China’s Cabinet to Take Greater Role in Financial Markets Oversight: Source

By Benjamin Kang Lim | January 11, 2016

China’s cabinet is set to take on a bigger role in overseeing financial markets, as perceived missteps by existing regulators fuel concerns globally that Beijing may lose its grip on economic policy with growth at its slowest in a quarter of a century.

The State Council has set up a working group, headed by deputy secretary-general Xiao Jie, a former vice finance minister and tax chief, to prepare for upgrading the cabinet’s financial department to bureau level, said a source close to the country’s leadership.

After last summer’s stock market crash was blamed in part on poor coordination between financial regulators, sources said China was considering merging its banking, insurance and securities watchdogs into a single ‘super-commission’.

This month’s renewed stock market turmoil has made it more urgent to unify China’s regulatory system to restore confidence in markets and ward off financial risks.

“The leadership is very unhappy about the stock market crisis,” said the source. “A merger of the regulators may take years to complete.”

Thus the move towards an interim ‘agency’, with the promotion of the cabinet’s financial department.

Officials at the cabinet were not immediately available for comment.

Bloomberg earlier reported that the cabinet has created a new department, within its general office, to coordinate between the financial and economic regulators, with Agricultural Bank of China Vice President Li Zhenjiang in charge of daily operations.

Giving the cabinet department more oversight now would give Beijing more time to finalize any merger of existing regulatory authorities, which could be sensitive in terms of potential job losses and internal rifts between powerful state agencies.

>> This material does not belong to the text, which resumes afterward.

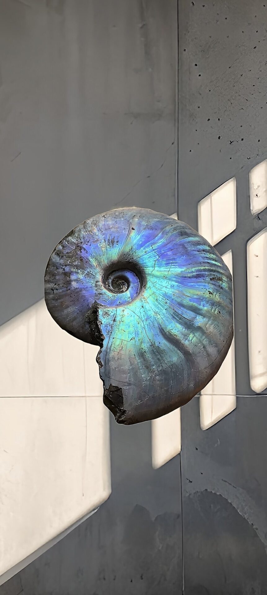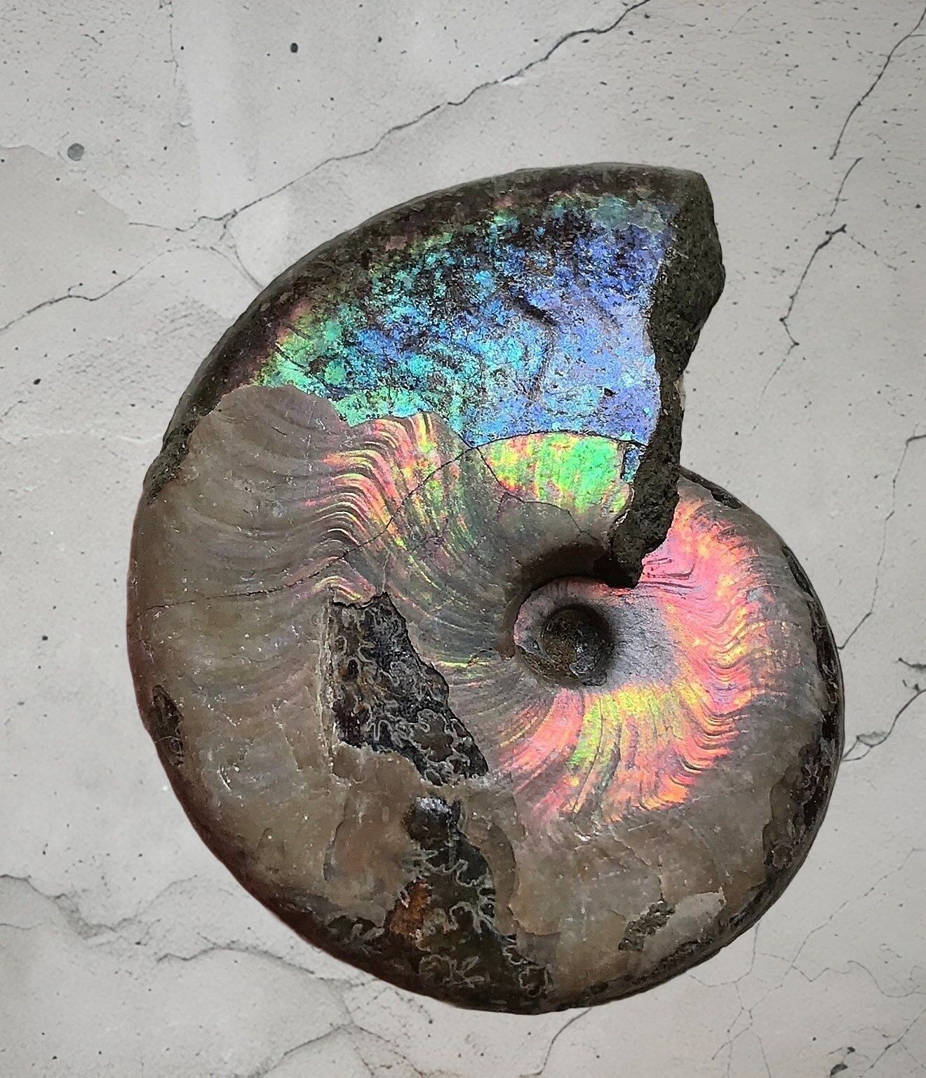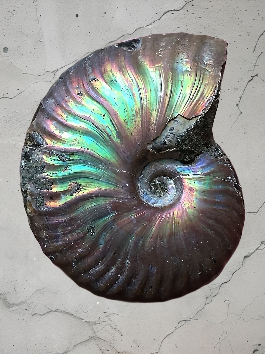 マダガスカル産 青黄色遊色デスモセラス アンモナイト 中個体

The central bank, too, is trying to increase its say in supervising China’s financial markets, adding to the uncertainties over possible regulatory reforms, sources said.

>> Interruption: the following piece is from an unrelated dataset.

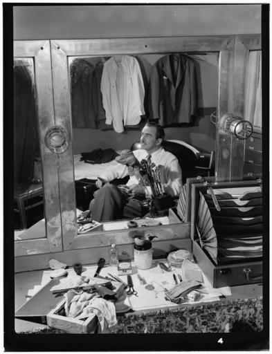 | Keywords: (Portrait of Glen Gray, Paramount Theater, New York, N.Y., ca. July 1946) (LOC) (4843129995).jpg Gottlieb William P 1917- photographer Portrait of Glen Gray Paramount Theater New York N Y ca July 1946 1 negative b w ; 3 1/4 x 4 1/4 in Caption from Down Beat Second in a series of intimate shots of name musicians by Bill Gottlieb as reflected in their dressing room mirrors is Glen Gray leader of Casa Loma posed during his recent engagement at the New York Paramount theater No character is Mr Gray but a substantial pillar of the community as shown by the absence of loud ties and trick suits and the presence of a huge bag of golf clubs a business-like smoking pipe and a neat portable office unfolded at the right Notes Gottlieb Collection Assignment No 386 Reference print available in Music Division Library of Congress Purchase William P Gottlieb Forms part of William P Gottlieb Collection Library of Congress In Through the looking glass Down Beat v 13 no 14 July 1 1946 p 12 Subjects Gray Glen 1906-1963 Jazz musicians--1940-1950 Saxophonists--1940-1950 Paramount Theater Format Portrait photographs--1940-1950 Film negatives--1940-1950 Rights Info Mr Gottlieb has dedicated these works to the public domain but rights of privacy and publicity may apply http //lcweb2 loc gov/diglib/ihas/html/gottlieb/gottlieb-copyright html lcweb2 loc gov/diglib/ihas/html/gottlieb/gottlieb-copyrig Repository negative Library of Congress Prints Photographs Division Washington D C 20540 USA http //hdl loc gov/loc pnp/pp print hdl loc gov/loc pnp/pp print reference print Library of Congress Music Division Washington D C 20540 USA http //loc gov/rr/perform/ loc gov/rr/perform/ Part Of William P Gottlieb Collection DLC 99-401005 General information about the Gottlieb Collection is available at http //lcweb2 loc gov/diglib/ihas/html/gottlieb/gottlieb-home html lcweb2 loc gov/diglib/ihas/html/gottlieb/gottlieb-home html Persistent URL http //hdl loc gov/loc music/gottlieb 03501 hdl loc gov/loc music/gottlieb 03501 Call Number LC-GLB23- 0350<br/> PD-Gottlieb https //www flickr com/photos/library_of_congress/4843129995/ Portrait of Glen Gray Paramount Theater New York N Y ca July 1946 LOC https //www flickr com/people/8623220 N02 The Library of Congress http //www loc gov/rr/print/195_copr html noknown The Library of Congress Flickr Commons Flickr-no known copyright restrictions The Library of Congress https //flickr com/photos/8623220 N02/4843129995 2015-09-02 00 12 02 pd Pipe smoking Photographs by William P Gottlieb |

The People’s Bank of China (PBOC) said last month it will introduce a new system to assess macro-prudential risks in the financial system this year as banking assets become more diversified.

Last week’s renewed market turmoil highlighted some of the issues with having various financial market regulators in China.

In a surprise move on Thursday [Jan. 7], the People’s Bank of China (PBOC) weakened its morning yuan guidance, allowing for the currency’s biggest fall in five months. On the stock market, investors panicked, pushing down share prices and triggering new circuit breakers. The sell-off rippled across markets worldwide. The circuit breakers were later axed.

“It’s hard to predict when reforms may start, but the central bank and the three regulators need to strengthen their communications and coordination,” said an influential economist who advises China’s parliament.